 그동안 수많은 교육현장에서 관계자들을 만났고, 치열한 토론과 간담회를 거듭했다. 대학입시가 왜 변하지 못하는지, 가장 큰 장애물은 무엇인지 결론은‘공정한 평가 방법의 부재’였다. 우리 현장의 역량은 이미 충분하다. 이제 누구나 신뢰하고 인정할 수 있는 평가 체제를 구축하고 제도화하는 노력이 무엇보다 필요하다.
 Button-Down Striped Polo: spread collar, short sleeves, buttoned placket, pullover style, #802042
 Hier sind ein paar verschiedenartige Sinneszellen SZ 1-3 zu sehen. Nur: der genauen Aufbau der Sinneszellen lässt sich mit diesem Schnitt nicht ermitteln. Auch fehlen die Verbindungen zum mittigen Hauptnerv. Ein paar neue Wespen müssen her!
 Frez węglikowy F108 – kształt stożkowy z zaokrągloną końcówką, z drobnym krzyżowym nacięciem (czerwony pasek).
* * *
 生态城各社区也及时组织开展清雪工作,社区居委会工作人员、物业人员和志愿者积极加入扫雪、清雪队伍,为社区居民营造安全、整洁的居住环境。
* * *
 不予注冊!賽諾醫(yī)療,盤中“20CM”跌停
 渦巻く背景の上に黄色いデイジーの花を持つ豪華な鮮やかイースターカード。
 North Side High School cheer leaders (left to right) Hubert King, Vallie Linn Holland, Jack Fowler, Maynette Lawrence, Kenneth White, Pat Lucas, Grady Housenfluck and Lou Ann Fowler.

Description of the task.
For this exercise, repeat exactly the lines of the data above from the one with "그동안 수많은 교육현장에서" down to the one with "Frez węglikowy F108", both end lines included.

Task response.
 그동안 수많은 교육현장에서 관계자들을 만났고, 치열한 토론과 간담회를 거듭했다. 대학입시가 왜 변하지 못하는지, 가장 큰 장애물은 무엇인지 결론은‘공정한 평가 방법의 부재’였다. 우리 현장의 역량은 이미 충분하다. 이제 누구나 신뢰하고 인정할 수 있는 평가 체제를 구축하고 제도화하는 노력이 무엇보다 필요하다.
 Button-Down Striped Polo: spread collar, short sleeves, buttoned placket, pullover style, #802042
 Hier sind ein paar verschiedenartige Sinneszellen SZ 1-3 zu sehen. Nur: der genauen Aufbau der Sinneszellen lässt sich mit diesem Schnitt nicht ermitteln. Auch fehlen die Verbindungen zum mittigen Hauptnerv. Ein paar neue Wespen müssen her!
 Frez węglikowy F108 – kształt stożkowy z zaokrągloną końcówką, z drobnym krzyżowym nacięciem (czerwony pasek).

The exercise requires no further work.